◆ Required action
The answer must be an exact copy of the lines from the one containing "A serene woman" through the last line of the records, with no pictures.

◆ Dataset extract
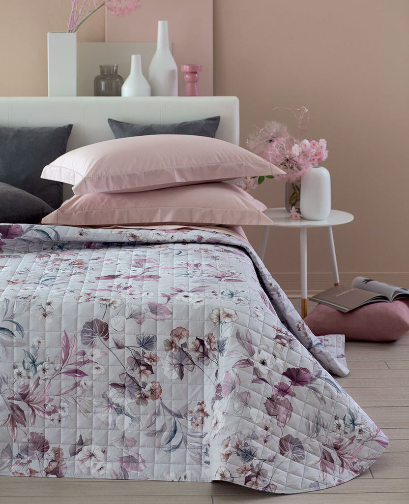 Fresco copriletto matrimoniale trapuntato in percalle di cotone stampato.Misure: 270x270 cmTessuto sopra: 100% percalle di cotone 200 TCTessuto sotto: 100% cotone tinta unitaImbottitura: 100% fibra di poliestere 90 g/mq
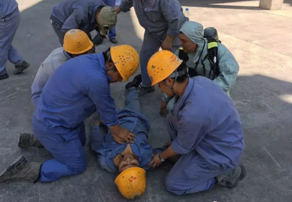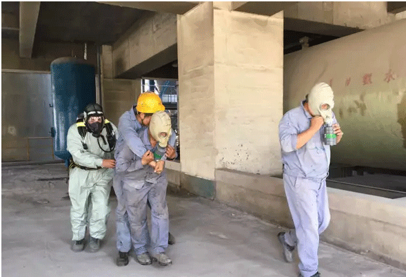熟料分廠廠長(zhǎng)宋杰明擔(dān)任本次應(yīng)急救援演練總指揮,并由救護(hù)組、搶險(xiǎn)組、警戒組、現(xiàn)場(chǎng)清理組和后勤保障組構(gòu)成演練框架。演練模擬一名職工巡檢時(shí)發(fā)現(xiàn)6#氨水罐區(qū)因發(fā)生氨水泄漏導(dǎo)致一人暈倒在地。因情況未明,立即用對(duì)講機(jī)向生產(chǎn)值班長(zhǎng)報(bào)告,接到報(bào)告后,值班長(zhǎng)迅速趕往事故現(xiàn)場(chǎng),由于氨水氣味較濃,無(wú)法近距離查看,初步判斷為現(xiàn)場(chǎng)發(fā)生氨水泄漏。并立即向分廠匯報(bào):宋廠長(zhǎng),6#氨水罐區(qū)發(fā)生氨水泄漏,有一名員工暈倒,因氣味較濃,無(wú)法進(jìn)入施救,請(qǐng)指示。宋廠長(zhǎng)接到報(bào)告后,一邊趕往事故現(xiàn)場(chǎng),一邊通知分廠安全員迅速啟動(dòng)應(yīng)急預(yù)案組織實(shí)施緊急救援。接到通知的各應(yīng)急小組快速在6#窯三檔東側(cè)集合,并在總指揮的統(tǒng)一調(diào)度指揮下迅速展開(kāi)人員疏散、搶救傷員、現(xiàn)場(chǎng)警戒、堵漏搶險(xiǎn)、消防救援等應(yīng)急措施。整個(gè)演練過(guò)程緊張有序,各小組行動(dòng)迅速,對(duì)問(wèn)題處理果斷。最后,現(xiàn)場(chǎng)清理組組長(zhǎng)白海兵向總指揮報(bào)告:總指揮,已對(duì)泄漏氨水進(jìn)行了回收,地面殘留氨水已用消防水進(jìn)行了稀釋中和處置,隱患已消除,請(qǐng)指示??傊笓]:返回原地待命??傊笓]接到各小組組長(zhǎng)完成救援報(bào)告后,命令各小組組長(zhǎng)清點(diǎn)各自人數(shù)。至此,本次應(yīng)急救援任務(wù)圓滿完成。
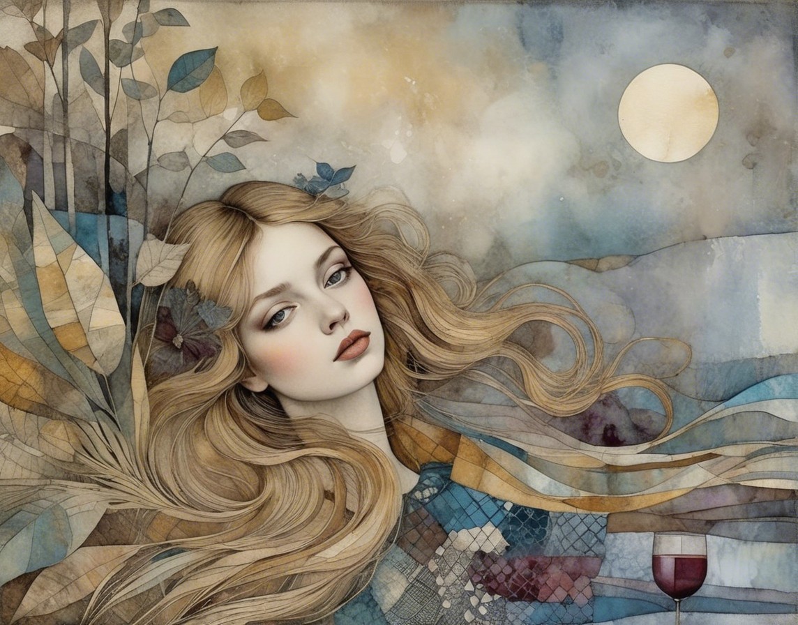 A serene woman with flowing hair gazes softly towards the viewer. The background features abstract geometric patterns and a tranquil sea, with boats sailing under a luminous moon.
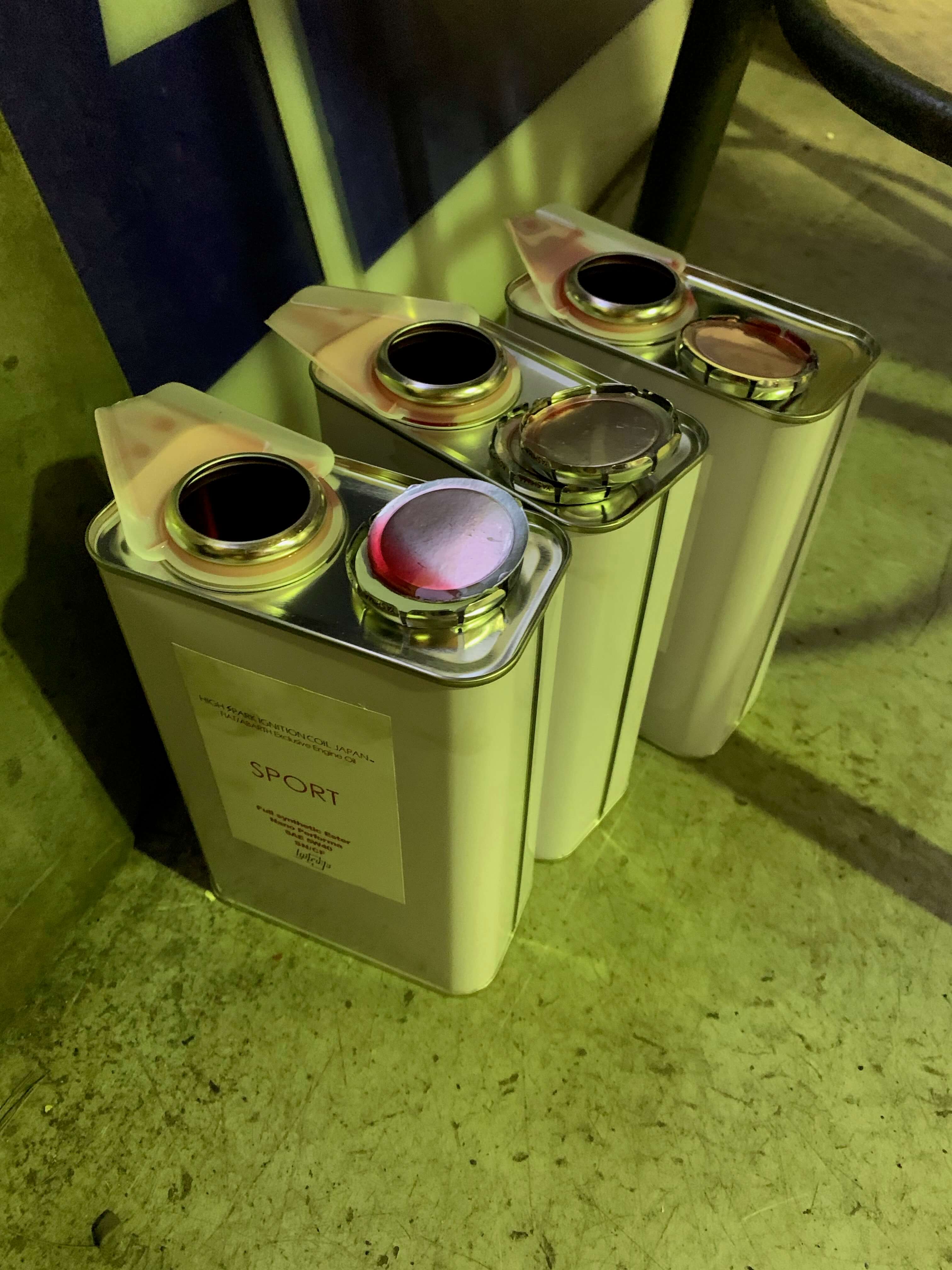 このオイル、鮮やかな赤い色が特徴的。エンジンに入れている様子はまるで、心臓に生き血を注ぎ込んでるみたい。
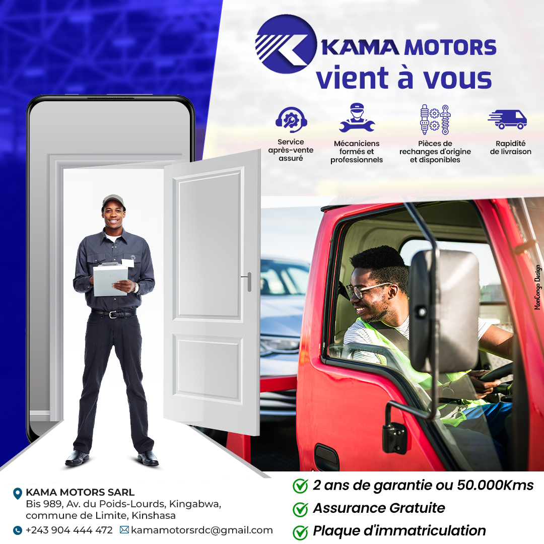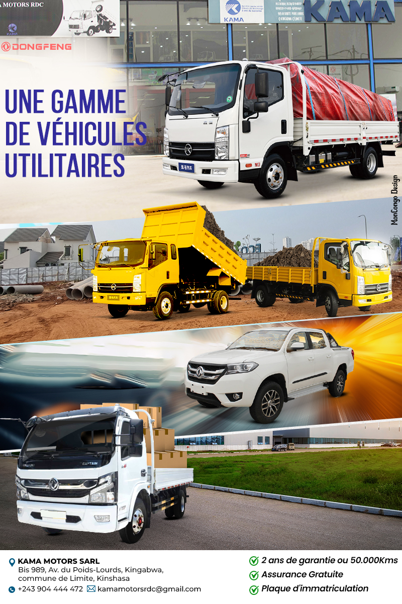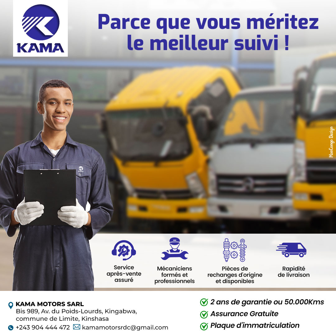 Kama Motors Kinshasa nous propose une large gamme de camions utilitaires et poids lourds adaptés aux besoins des entreprises opérant dans le transport de marchandises, la construction, livraison et les services industriels.
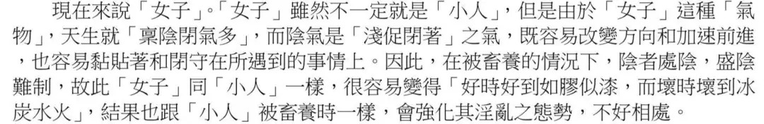 不信,看看这篇东吴大学社会学系副教授蔡锦昌的论文节选,他说:女子这种“气物”,天生“阴闭气多”……“盛阴难制”,所以女子与小人一样,容易阴晴不定,不好相处。

◆ Task output
 A serene woman with flowing hair gazes softly towards the viewer. The background features abstract geometric patterns and a tranquil sea, with boats sailing under a luminous moon.
 このオイル、鮮やかな赤い色が特徴的。エンジンに入れている様子はまるで、心臓に生き血を注ぎ込んでるみたい。
 Kama Motors Kinshasa nous propose une large gamme de camions utilitaires et poids lourds adaptés aux besoins des entreprises opérant dans le transport de marchandises, la construction, livraison et les services industriels.
 不信,看看这篇东吴大学社会学系副教授蔡锦昌的论文节选,他说:女子这种“气物”,天生“阴闭气多”……“盛阴难制”,所以女子与小人一样,容易阴晴不定,不好相处。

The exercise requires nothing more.